This project provides tools to simulate access strategies and cache-content advertisement schemes for distributed caching. The simulator considers a user who is equipped by several caches, and receives from them periodical advertisements about the cached content. These advertisements use space-efficient approximated data structures (aka indicators) that are not totally accurate. The user selects which caches to access, to obtain the requested datum in the lowest price and maximum certainty possible. Each cache independently runs a content-advertisement algorithm, to decide when to advertise a fresh indicator. For details about the problem and the algorithms used, please refer to the following papers:
[1] I. Cohen, Gil Einziger, R. Friedman, and G. Scalosub, Access Strategies for Network Caching, IEEE Transactions on Networking, Vol. 29(2), 2021, pp.609-622.
[2] I. Cohen, Gil Einziger, and G. Scalosub, False Negative Awareness in Indicator-based Caching Systems, IEEE Transactions on Networking, 2022, pp. 46-56.
[3] I. Cohen, Bandwidth Efficient Cache Selection and Content Advertisement, pre-print, 2024.
The source files are described below. More detailed documentation is found within the source files.
All source files are written in Python, and found in ./src. The result files are written to ./res. The traces should be found in the directory ../traces/.
Runs a simulation, looping over all requested values of parameters (miss penalty, cache sizes, number of caches etc.).
A simulator that accepts system parameters (trace, number and size of caches, algorithm to run etc.); runs a simulation; and outputs the results to file.
Implements the client-side cache-selection algorithms.
The class for a DataStore (cache). The cache stores items using the LRU policy. It also implements the cache-side algorithm for estimating FPR (false-positive ratio) and FNR (false-negative ratio) and the exclusion probabilities. The cache itself is implemented in the file mod_pylru.py.
Implementation of an LRU cache. Source code is taken from: Copyright (C) Jay Hutchinson https://github.com/jlhutch/pylru
A Simple and a Counting Bloom filter. To study more about Bloom filters, consider the following links: 1, 2, 3, 4.
Parse traces and output a .csv file, which includes a row with hashes of the keys in the trace.
generates the OVH network which exemplifies a commercial CDN (Content Delivery Network), and saves it on a .csv file.
Generates a histogram showing the cache access costs for the OVH network
This file contains several accessory functions, used throughout the project, e.g. for generating the string describing the settings of the simulation, and generate the list of requests from the trace.
An accessory function for the PGM access strategy algorithm, described in [1]. The function merges 2 input nodes. Inputs: 2 nodes to merge, H and L, and r = log(beta) Output: res_node - the result node, res_node.

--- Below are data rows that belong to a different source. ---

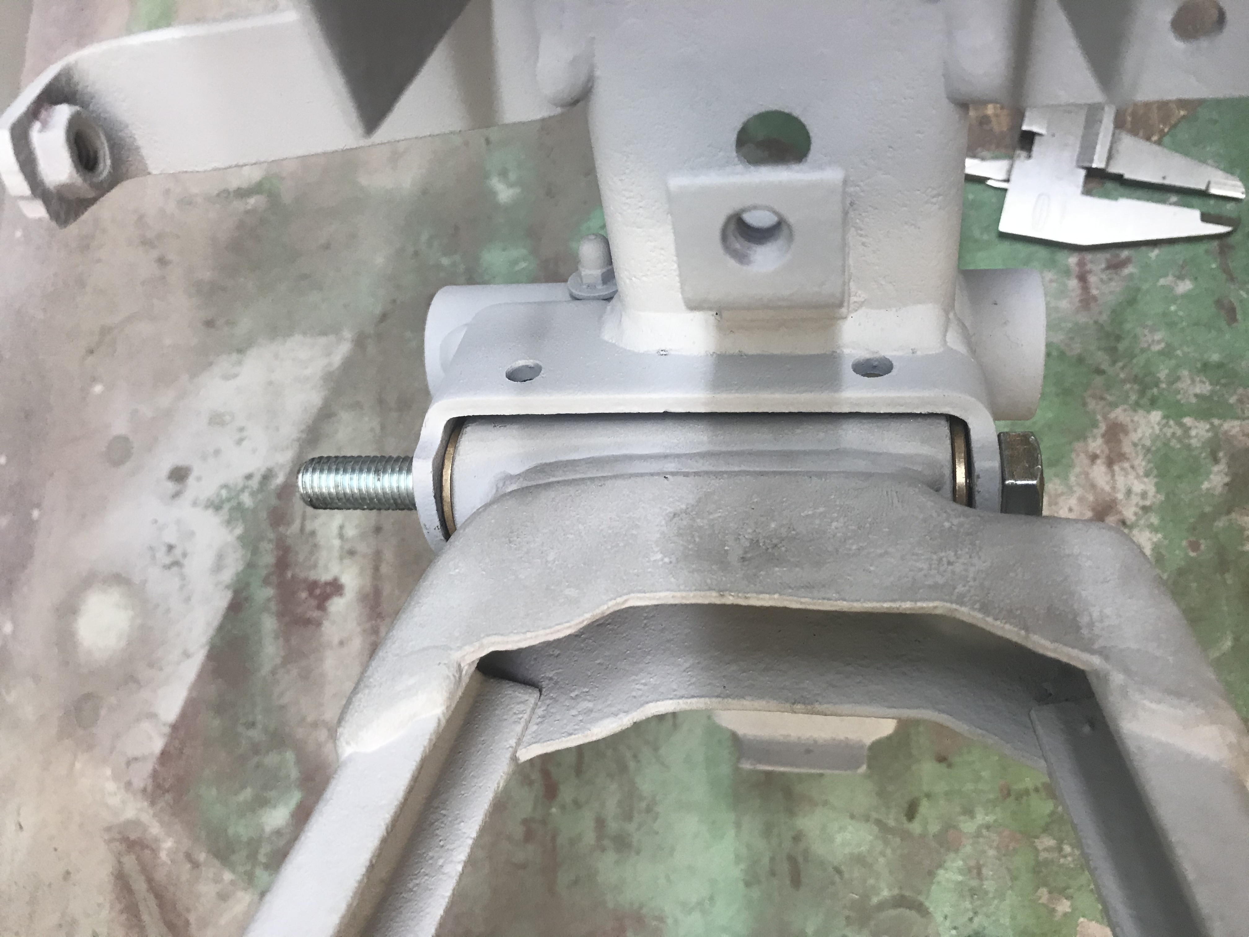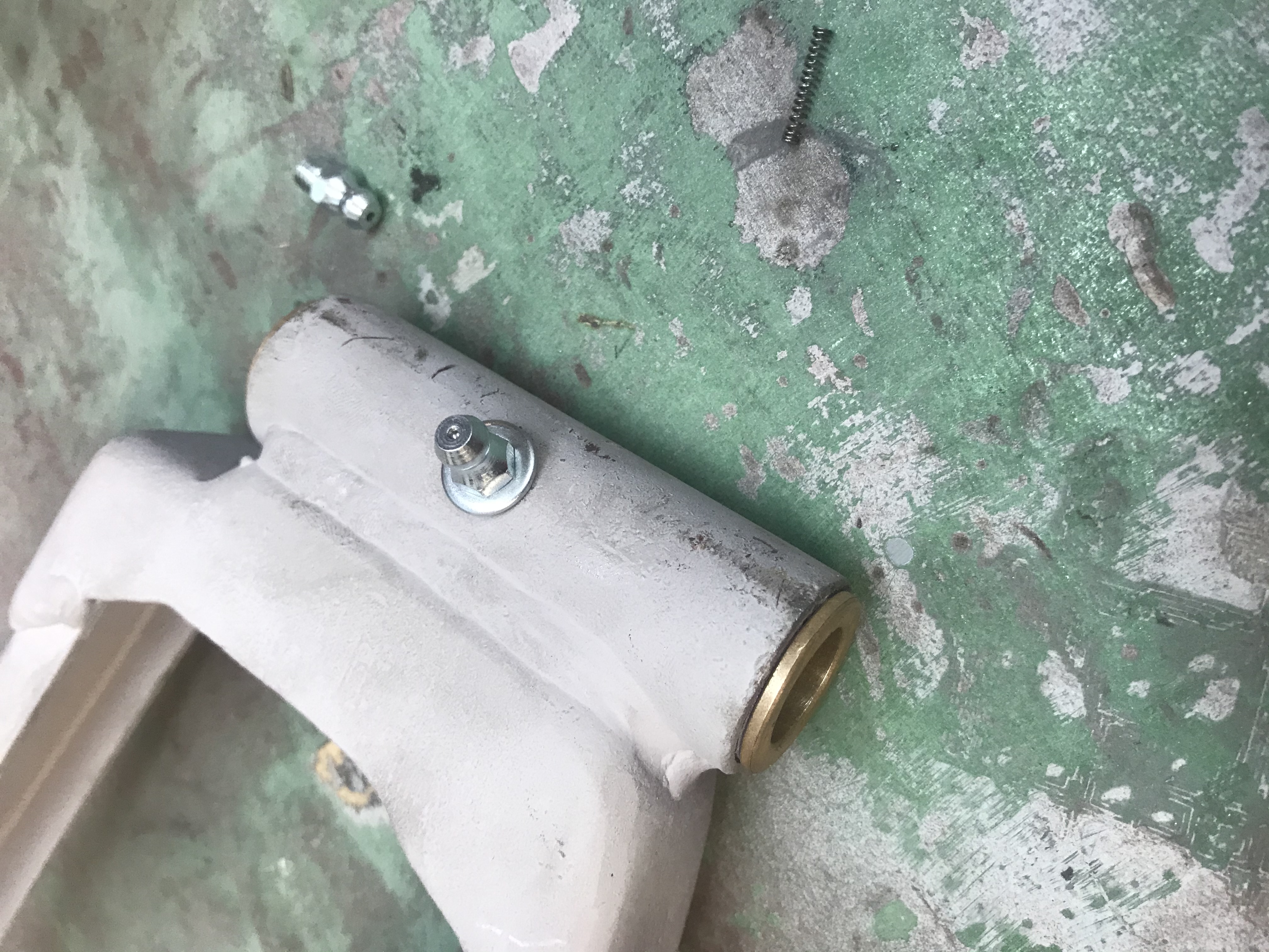 (wenn das ganze dann lackiert ist wird ist, wird die Schwinge voll Fett gepresst. Die Hülse musste ich ein wenig schleifen. Eine wirklich kostengünstige Alternative zu den nicht mehr erhältlichen Silentblöcken.
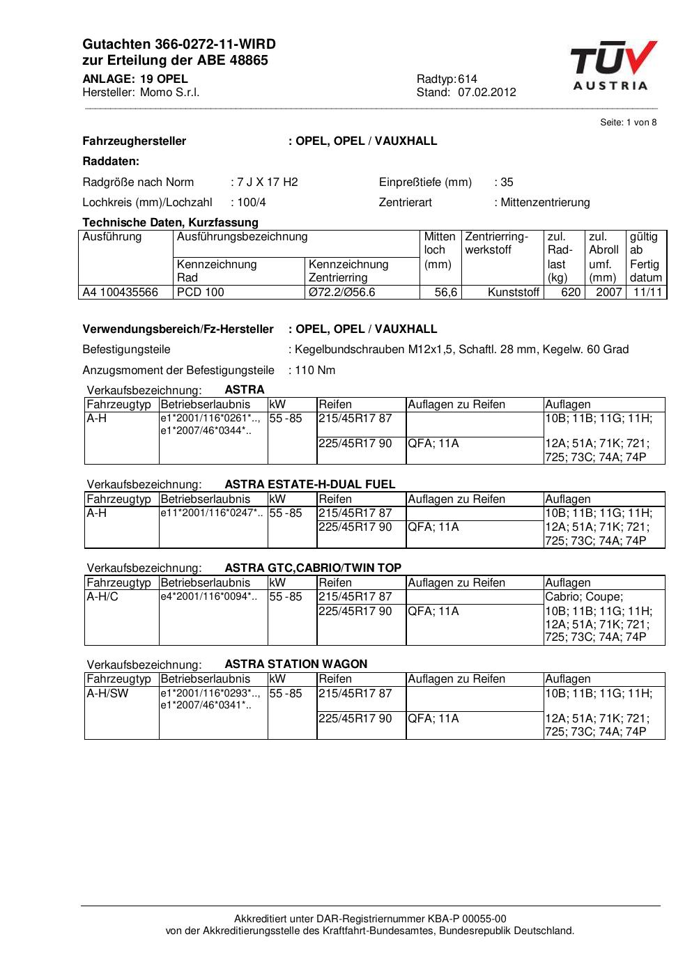 Dieses Gutachten (abe) bezieht sich auf die Alufelge Momo 614 in der Ausführung 7Jx17 ET 0, Mittenloch 0 mm (KBA 48865). Im PDF findest du typischerweise zulässige Reifengrößen, Auflagen/Anbauhinweise und – je nach Dokument – Hinweise zur Eintragung.
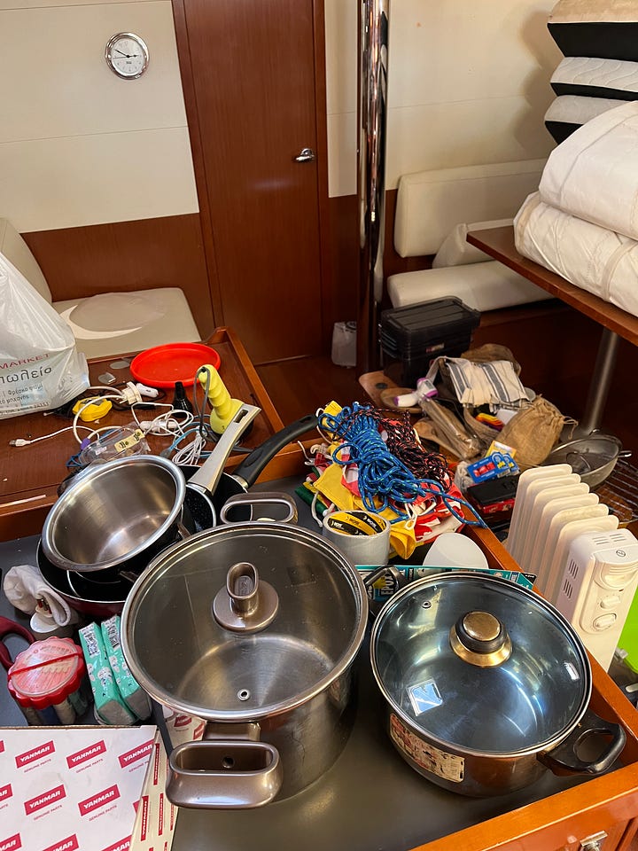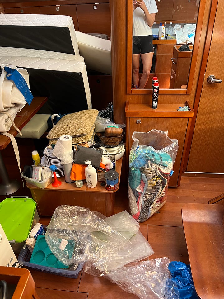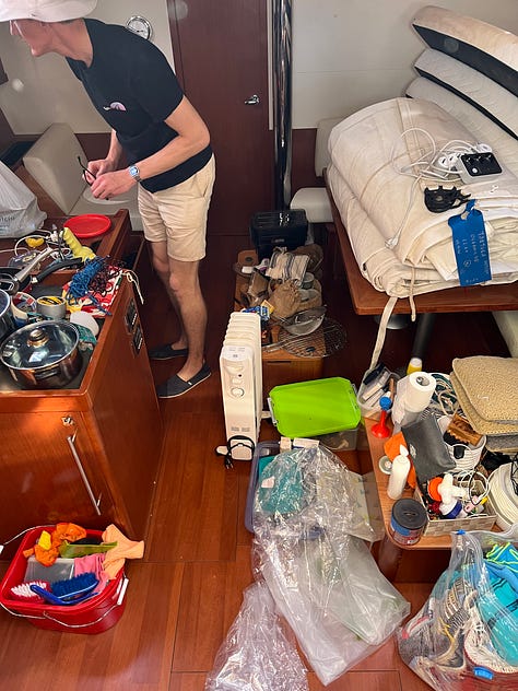 Then there was all the STUFF. I thought we’d be moving into an empty shell - but the Turtle was full to brimming with the previous owner’s gubbins. Half empty bottles of bleach, books, pot noodles, old duvet covers, blankets, tins of tuna, boxes of miscellaneous string, broken phone chargers: every cupboard we opened revealed more of it. There were some cracking things too: the collection of goggles, the sailing almanacs, the specialist boat cleaning products (Chazzle got v excited about these), the paddle board - all of which, if we had to buy new, would have set us back a hefty wad of cash. Hmm maybe that bottle of bleach was actually half full.
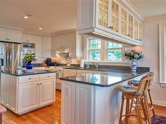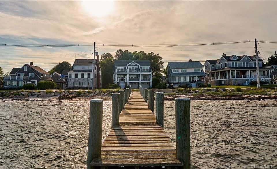The striking ocean views of Long Island Sound will captivate you the moment you step into this custom-built Nantucket-style shingle home. Meticulously maintained and quality constructed, no detail has been forgotten in this spectacular 5-bedroom 4 bath property located in a highly desirable private beach community. Designed to capture gorgeous views and prevailing sea breezes from every room. Beyond the 0.30 acres of professionally manicured lawn and gardens, the property offers a 110 ft dock perfect for swimming, boating and mooring, as well as a private beach area. The main floor features a sunroom, a den that could be used as a bedroom, a full bath, an open plan kitchen with an island, breakfast bar and grilling deck, a dining area, a living room with fireplace, and a spacious covered front porch spanning the entire width of the house. The layout is perfect for entertaining and al fresco dining while enjoying beautiful sea views and magnificent sun and moon rises. The second-floor features 4 bedrooms including a large ensuite master bedroom with walk-in closet and tiled bath, and 3 additional bedrooms with 2 full baths, and a large deck. Ideally located within walking distance to excellent recreational amenities including beaches, tennis courts, and access to a yacht club offering a full array of activities for children and adults.
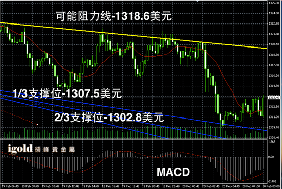 黄金阴阳烛录得后期阴烛变多,下行趋势明显,不过末端录得聚聚明显,整体收平,短线MACD显示空头持稳,后期金价或窄幅整理,短线或跌破1310美元线,则可能继续下行。

A candidate sol' for the DSS (Data-Store-Selection) prob' (aka the "Cache-Selection" problem), consists of a list of DSs, theirs aggregate (mult' of) miss rate, and aggregate (sum of) accs cost
An accessory function for format-printing to a file.
A script to compare the fpr, fnr, calculated by either the paper [2], or by an an older paper, which uses different model: [3] Y. Zhu and H. Jiang, “False rate analysis of bloom filter replicas in distributed systems”, in ICPP, 2006, pp. 255–262.
Receives files that are the results of simulations, and generates plots.
An accessory file for run-time measurements.
Checks the hit rate in a given cache trace.
Accessory file containing global parameters and accessory functions.
Analyze a given trace. The analysis include:
- mean/avg. time between subsequent appearance of the same item.
- Number of items that appear only once along the trace.
- Expected hit ratio of an optimal cache selection alg' given the caching capacity.